- _WHAT NEEDS TO BE DONE_: The copy should begin at the line containing "after dinner I" and end with the last line below, every line exact and no picture included.
SUPPLIED MATERIAL Start Marker
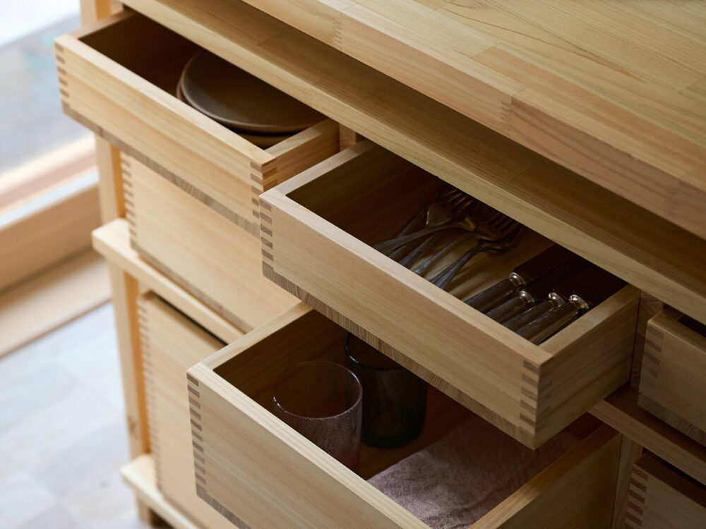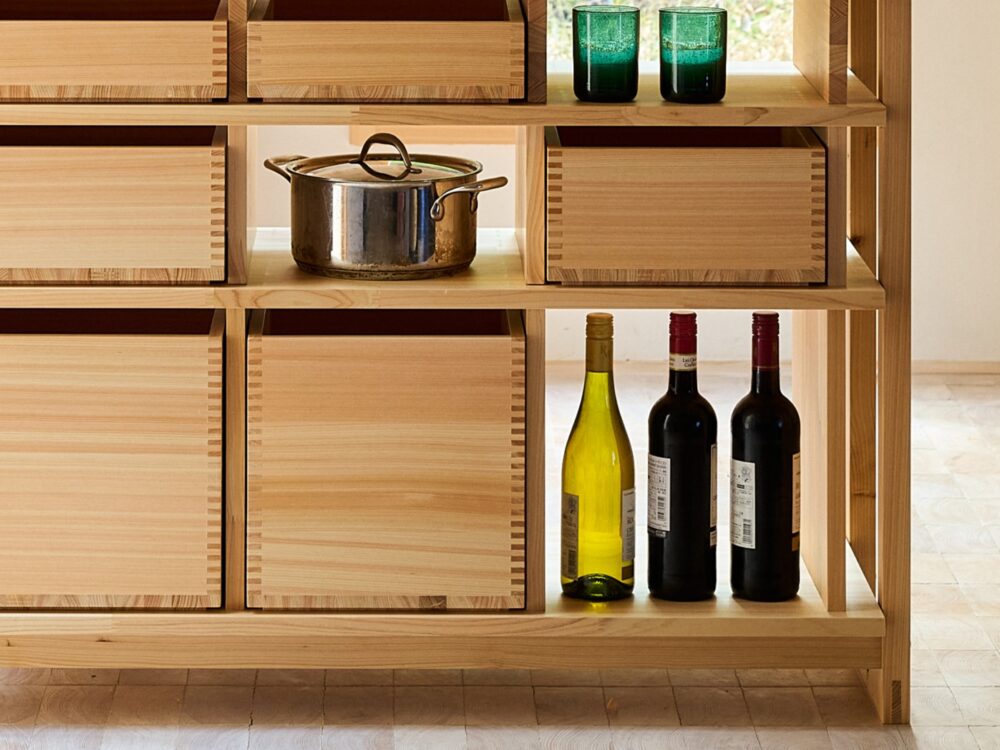 使う人の動きやすさや収納力、日常の使い勝手を大切にしたサイズ設計を行い製造の現実性や材料の入手性、セルフ組み立てを前提とした構造まで総合的に検討して開発されました。内部の構造や木材のつなぎ方、表面の仕上がりに至るまで細部を見直し丁寧な検証が重ねられています。仕上げには、木が自然に呼吸しながら守られることを意識した塗装を採用。耐久性と防汚性を備えつつ、無垢材ならではの温かみや表情が引き出されました。素材にはヒノキが使用されています。美しい木目と香りに加え、湿気の多いキッチン環境に適した特性を持ち、持続可能な林業への貢献につながる点もヒノキの選定理由にあります。
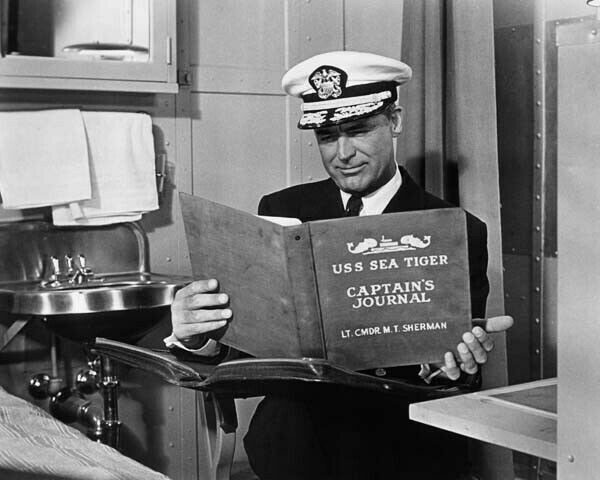 Cary Grant in uniform looks at Captains log Operation Petticoat 8x10 inch photo
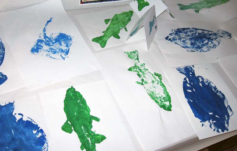 after dinner I wanted them come into the studio to create some fish prints. The last
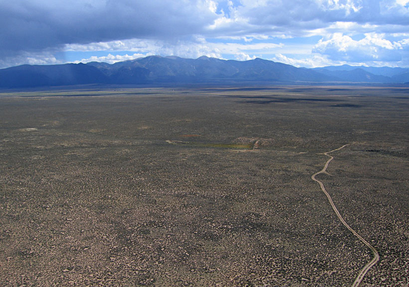 All of our kite and blimp aerial photography is conducted from points of public access and, as always, from a height of less than 500 feet (~150 m), according to FAA regulations for unmanned tethered aircraft. Such low-height images in oblique and vertical views provide high spatial resolution and depict the ground in great detail. The following sites are arranged generally from north to south within the San Luis Valley and Taos Plateau.
SUPPLIED MATERIAL End Marker
- _RESPONSE AREA_:
 after dinner I wanted them come into the studio to create some fish prints. The last
 All of our kite and blimp aerial photography is conducted from points of public access and, as always, from a height of less than 500 feet (~150 m), according to FAA regulations for unmanned tethered aircraft. Such low-height images in oblique and vertical views provide high spatial resolution and depict the ground in great detail. The following sites are arranged generally from north to south within the San Luis Valley and Taos Plateau.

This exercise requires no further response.